* _The problem_
Leaving every picture out, please return exactly the lines from the top of the material below through the line with "Azur Magnesium Badesalt", both included.

* _Material provided_
------
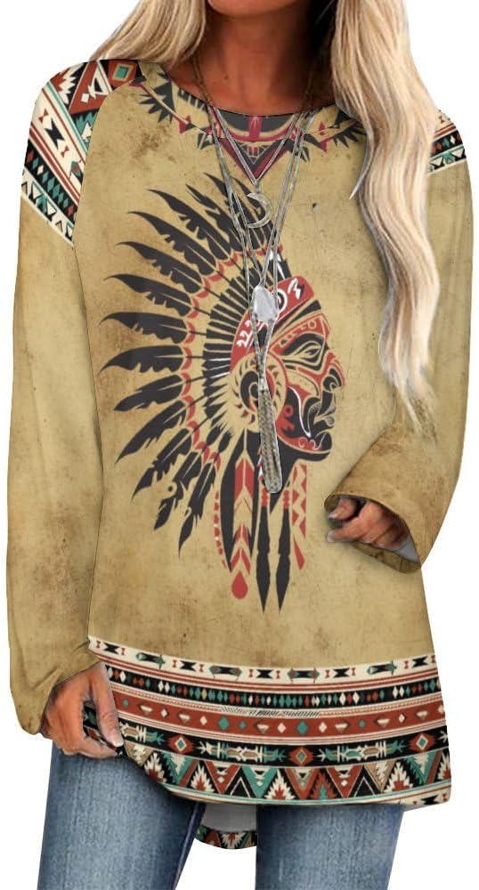 Long Sleeve Shirts for Women Aztec Pullover TopsAmerican Clothing Fall Comfy Fashion Boho Tops for Women
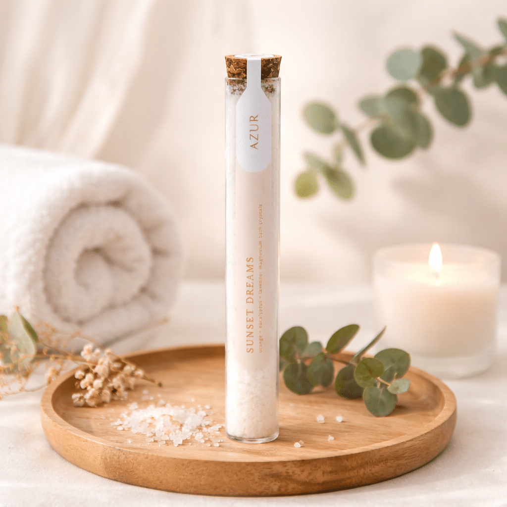 Azur Magnesium Badesalt i Glasrør – Sunset Dreams
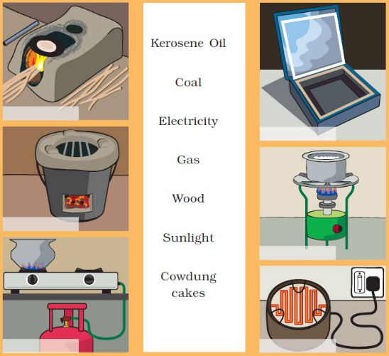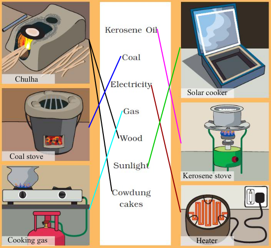 Identify the pictures given below and write their names. What produces heat in each of them? Match the picture with the list. Matching can be with more than one thing also.
------
* _Completed exercise_
 Long Sleeve Shirts for Women Aztec Pullover TopsAmerican Clothing Fall Comfy Fashion Boho Tops for Women
 Azur Magnesium Badesalt i Glasrør – Sunset Dreams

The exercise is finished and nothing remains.